──────── SUPPLIED INFORMATION

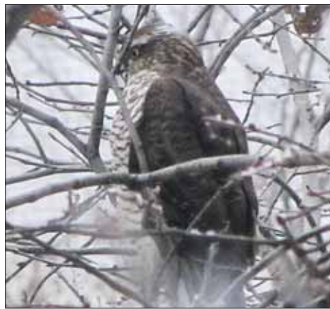
Жительница Бибирева сфотографировала птицу напротив своего окна
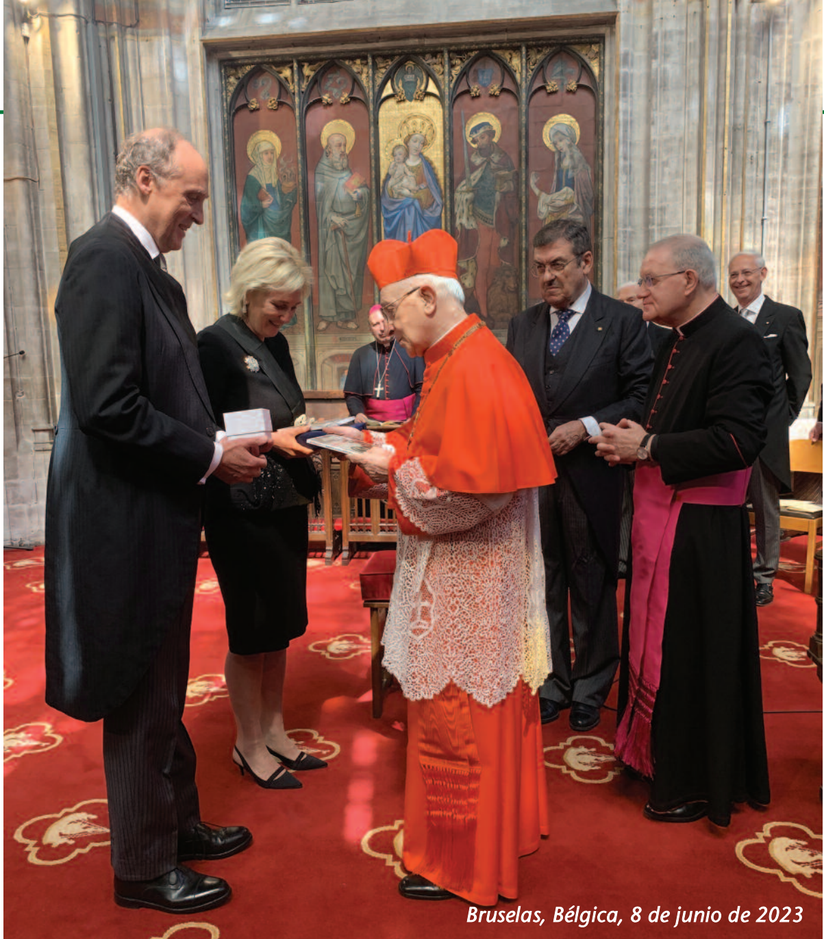
Bruselas, Bélgica, 8 de junio de 2023
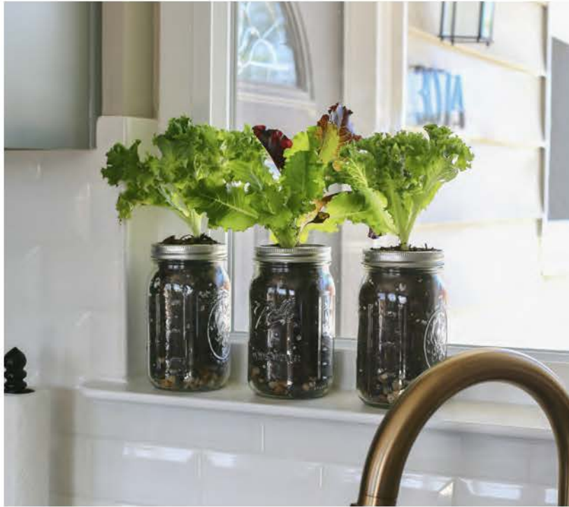
Stadstuinieren hoeft niet moeilijk te zijn; in hergebruikte weckpotten kun je in de keuken uitstekend bladgroenten kweken.

────────────────

EXERCISE GOAL: Repeat the whole of the material above exactly, but keep the pictures out.

RESPONSE BOX:
Жительница Бибирева сфотографировала птицу напротив своего окна
Bruselas, Bélgica, 8 de junio de 2023
Stadstuinieren hoeft niet moeilijk te zijn; in hergebruikte weckpotten kun je in de keuken uitstekend bladgroenten kweken.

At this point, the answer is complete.